Mr. Bercow: To ask the Secretary of State for Health what assessment he has made of the cost of the delay since June to private finance initiative schemes for hospitals. 
Mr. Hutton: Shortlisted bidders at three private finance schemesStoke Mandeville Hospital National Health Service Trust, South West London Community NHS Trust (Queen Mary's Hospital, Roehampton) and Havering Hospitals NHS Trusthave delayed submitting best and final offers since June until development work on a new retention of employment model (ROE), under which ancillary services staff could retain their NHS employment terms but be managed by the private sector, is completed. It is expected that this work will be completed before the end of the year.
No other PFI schemes are at a stage where the ROE development is causing a delay.

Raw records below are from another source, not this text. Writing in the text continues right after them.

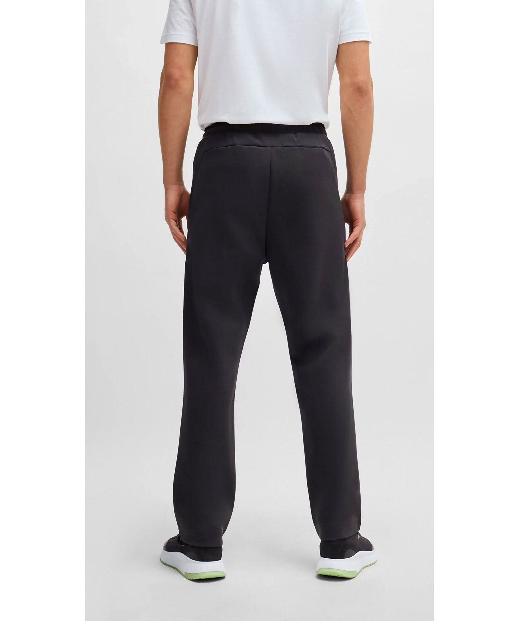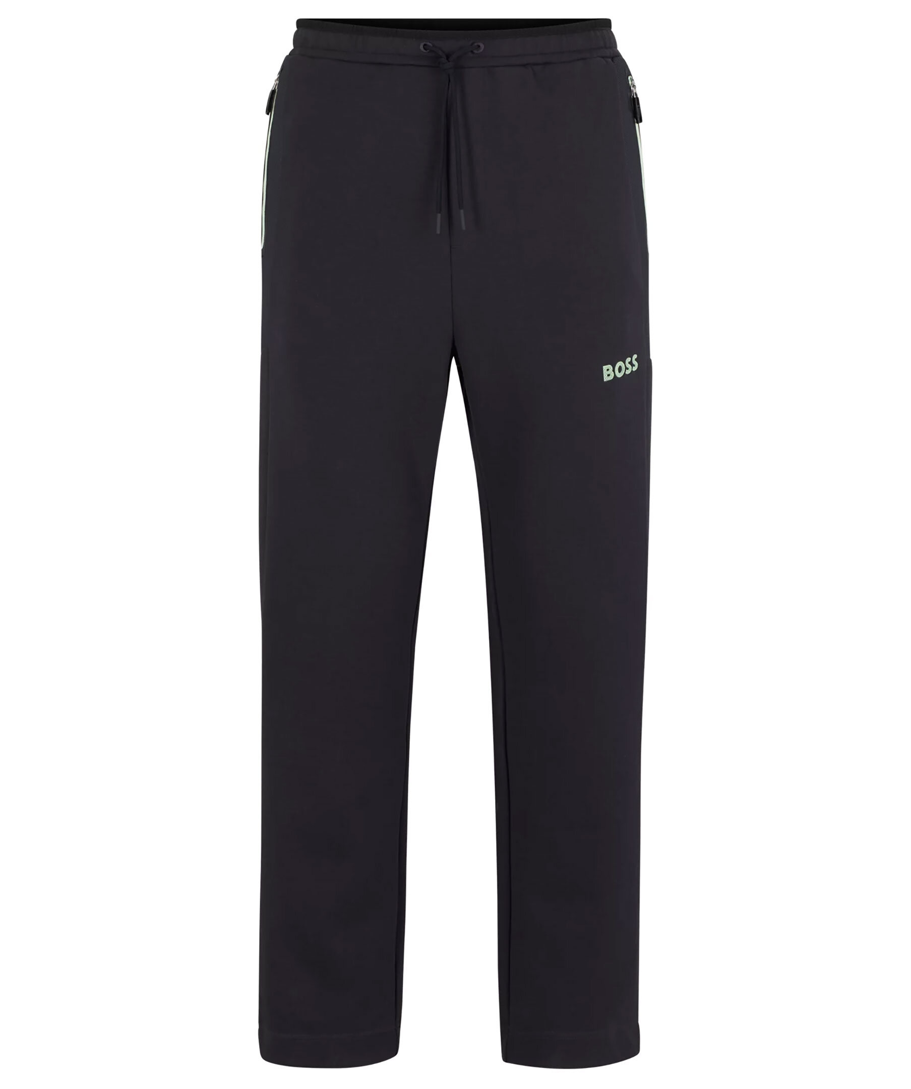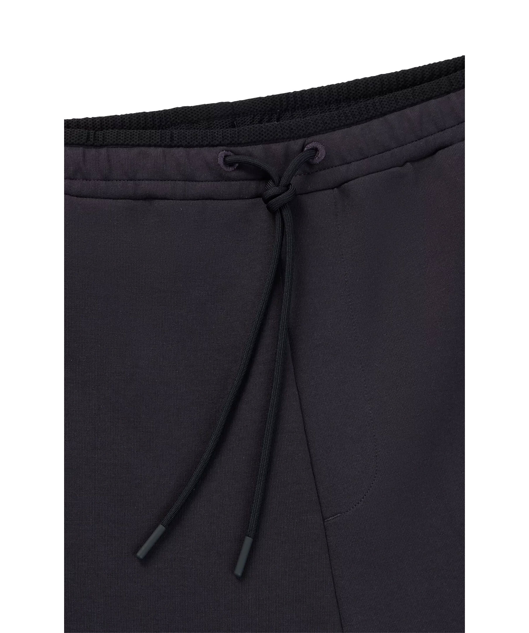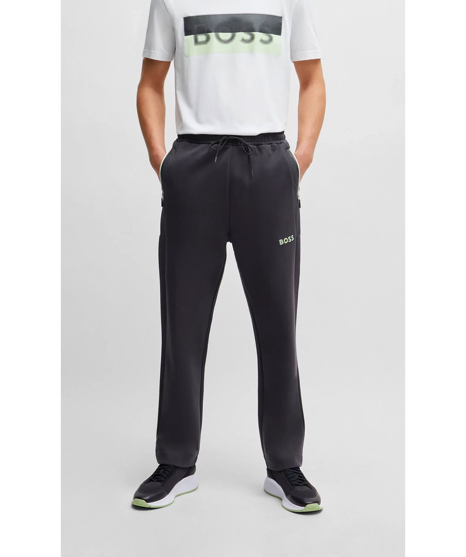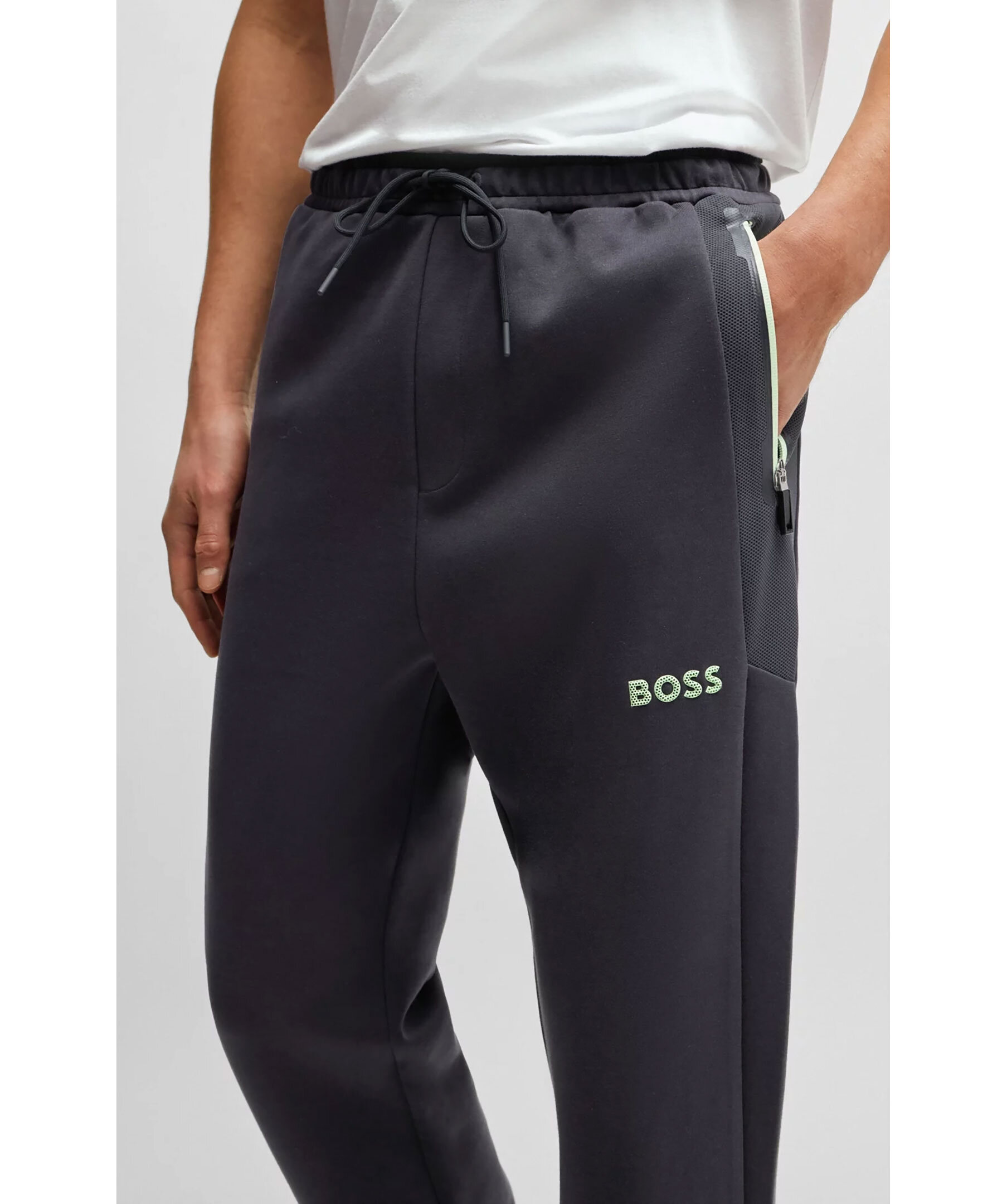 Mörkgrå sweatpants från BOSS Green. Gummerad logotyp på vänster lår. Dragsko vid midjan. Två fickor i sidorna som stängs med dragkedja. Detaljer i mesh.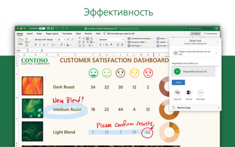 Перед вами версия популярной программы Excel от Microsoft, предназначенная для работы на macOS. Она поддерживает полный набор всех необходимых функций для комфортной работы с таблицами, в том числе и вложенными в электронные сообщения. Помимо этого, программа Эксель для Mac может быть использована для совместной работы с коллегами в сфере финансов, аудита и бухгалтерского учета.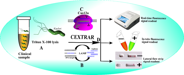 用于幽門螺旋桿菌實時熒光和比色監(jiān)測的CEXTRAR平臺工作示意圖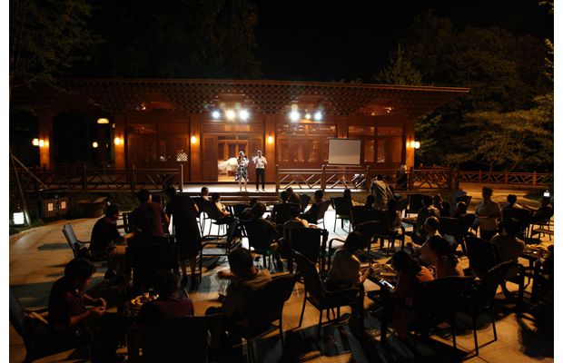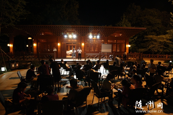 27日晚,采风团还在大洪山核心景区筱泉湾度假村广场举行了“大洪山文化夜话”活动,三地人员围绕大洪山佛教文化、红色文化、绿色文化、传奇文化进行深入交流,互赠文学作品,并即兴表演节目。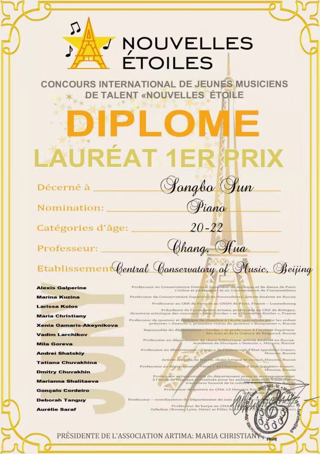 本届大赛由法国巴黎埃蒂玛国际文化协会主办,明弓专业室内乐团、让•威纳音乐学院协办,获得世界各大知名学府的广泛关注,吸引了来自美国、德国、法国、荷兰、西班牙等各国的数十名优秀青年钢琴家参赛。最终来自开云kaiyun官方网站的孙崧博摘得桂冠,同时也是自比赛举行以来,首位获得奖项的中国人。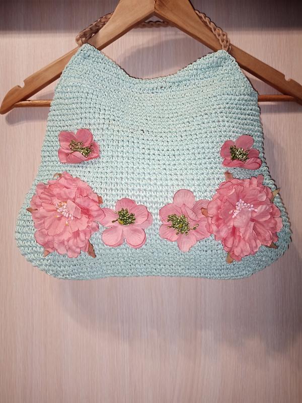 красива сумочка з квіточками, на кнопці, в середині підкладка в ідеальному стані, в середині є карманчик на замочку, розміри: висота 30см, ширина знизу 36 см, ширина зверху 28 см, довжина ручки 30см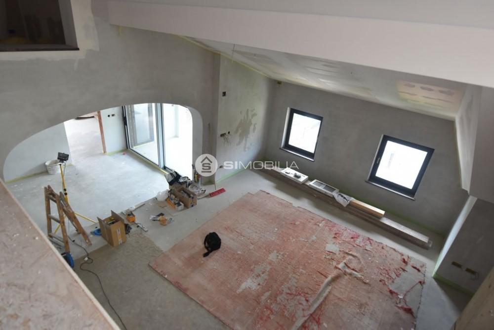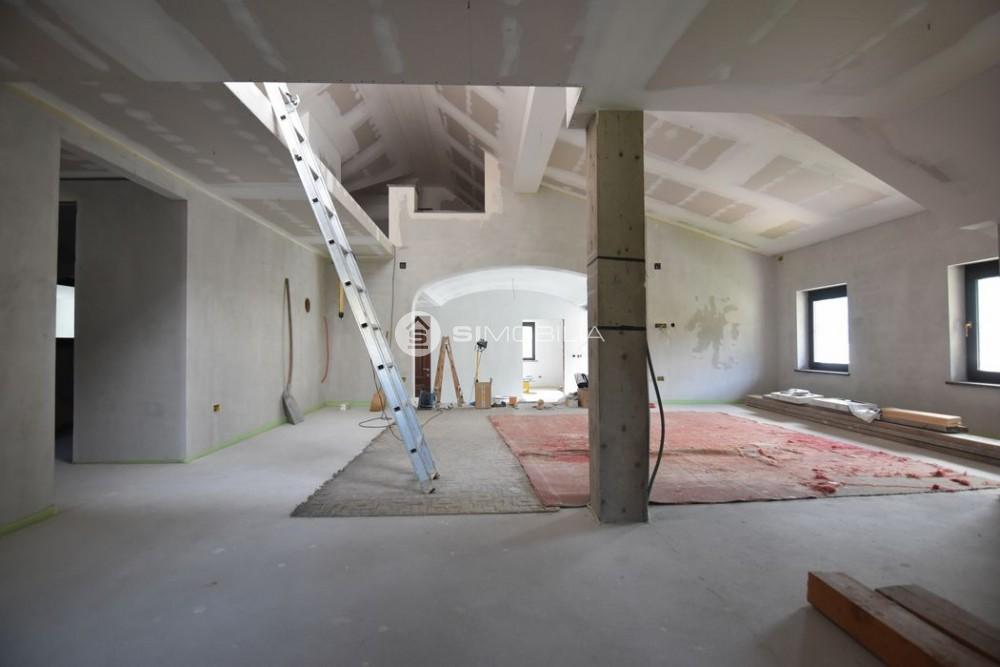 In the attic, up to 4 construction phases, a modern, bright, spacious, open apartment is arranged. In this part there are two studios, one is made as a duplex.In the central part is a large open space, with a gallery. Here are two bedrooms, a larger bathroom, toilet, kitchen. From the kitchen and living room, there is an exit to a larger terrace on the south side of the building. From the bedrooms there is an exit to the balcony on the west side of the building. In the gallery, it is possible to arrange a library, social space, rest area, reading room. The attic has underfloor heating in all rooms.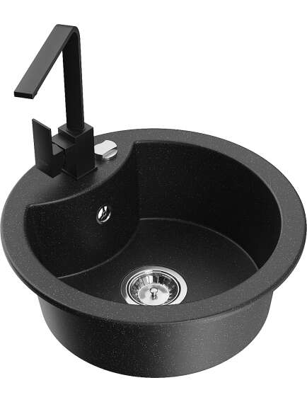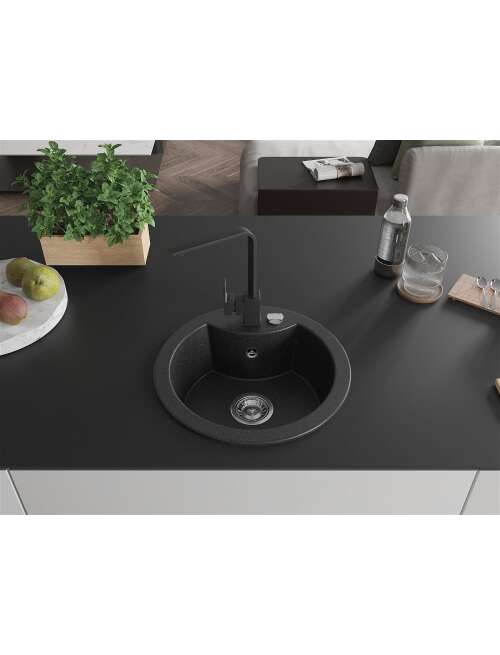Mexen Diego zlewozmywak granitowy 1-komorowy z baterią kuchenną Rita, czarny/srebrny metalik - 6512-73-670300-70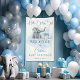 Celebrate your little one with this irresistibly cute baby sprinkle banner featuring a charming baby elephant sitting next to a gift box topped with a blue bow. The heartwarming design includes the cheerful message "Hello Baby Boy" and "Welcome", perfect for honouring the arrival of your bundle of joy. With soft pastel blues and whimsical artwork, this design is ideal for baby sprinkles, boy baby showers, elephant-themed celebrations, or gender reveal events.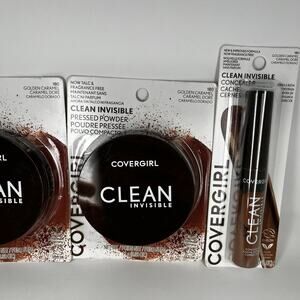 NEW Makeup Bundle- listing includes two Covergirl Clean Invisible Pressed Powder in Golden Caramel, Concealer in Golden Caramel, Brown Mascara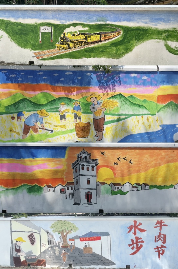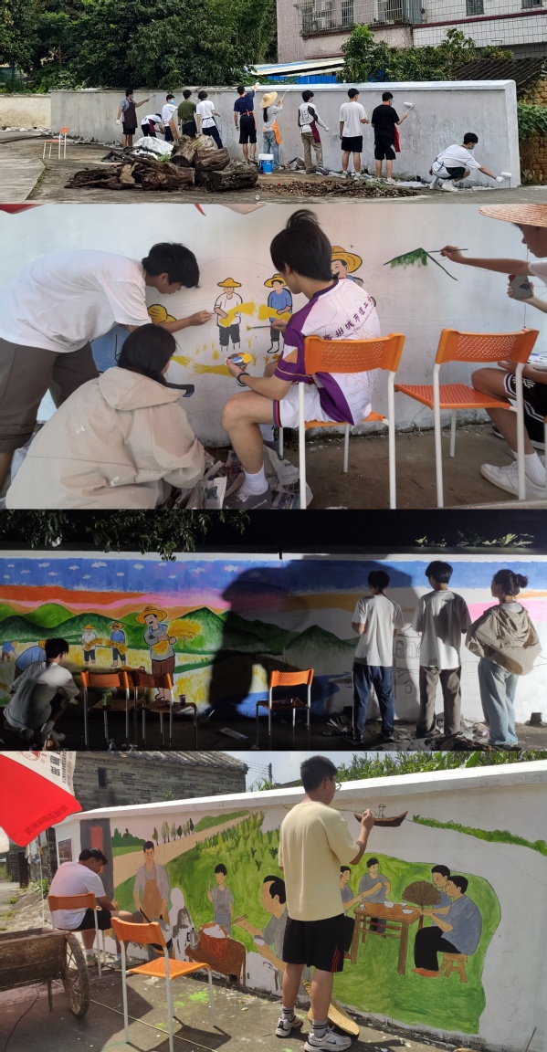 队员们顶着烈日,手持画笔和颜料,进行调色、填色和细节刻画。水步牛肉节、碉楼建筑、稻田风光……志愿队成员紧扣水步镇的地域特色和文化底蕴,将当地代表性元素融入创作中。历时6天,青耘志愿队完成4面墙绘创作,共10个主题,全长68.5米,总面积约为120平方米。完工之际,崭新的墙绘吸引附近村民驻足观看,并获得一致好评,村民们表示,这些画作充满了活力与美感,让村子面貌焕然一新。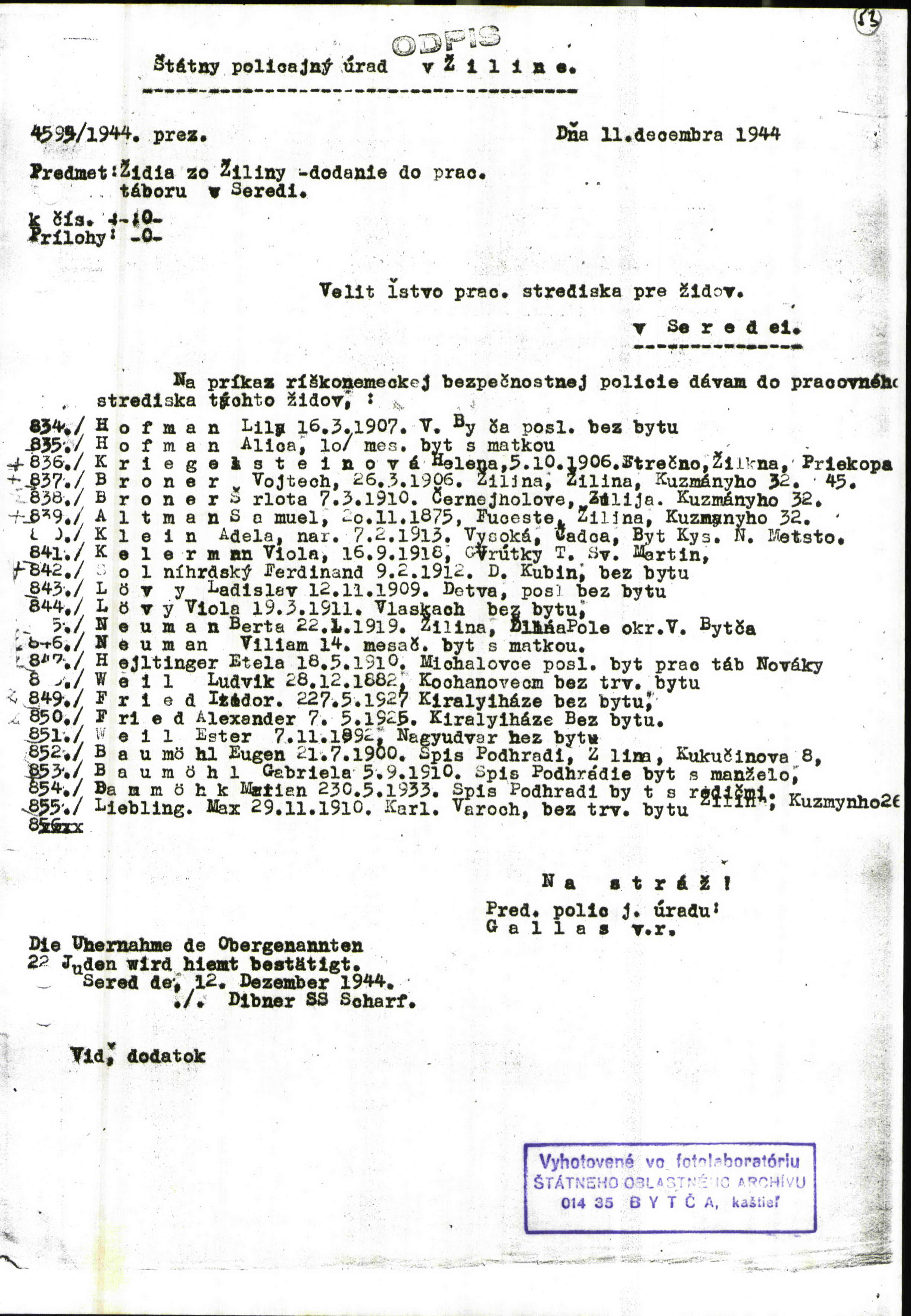 Lists of Jews from Zilina deported to Sered camp in 1944 and in January 1945

Dr. Murrison: To ask the Secretary of State for Health (1) what change in the required number of NHS consultants would result if they were to work only contracted hours; 
Mr. Hutton: National health service consultants are employed under a professional contract, in that they do not specify particular hours of work. Whole-time and maximum part-time contract holders have a contractual commitment to devote substantially the whole of their professional time, up to 11 sessions, to their national health service duties. In 1999 a survey by KPMG did, however, demonstrate that both the volume of work and intensity of work, as a whole, had increased since 1990. Intensity pay supplements, amounting to £50 million were therefore introduced from April 2000 to recognise and reward increases in work load, intensity of work and contribution to the NHS.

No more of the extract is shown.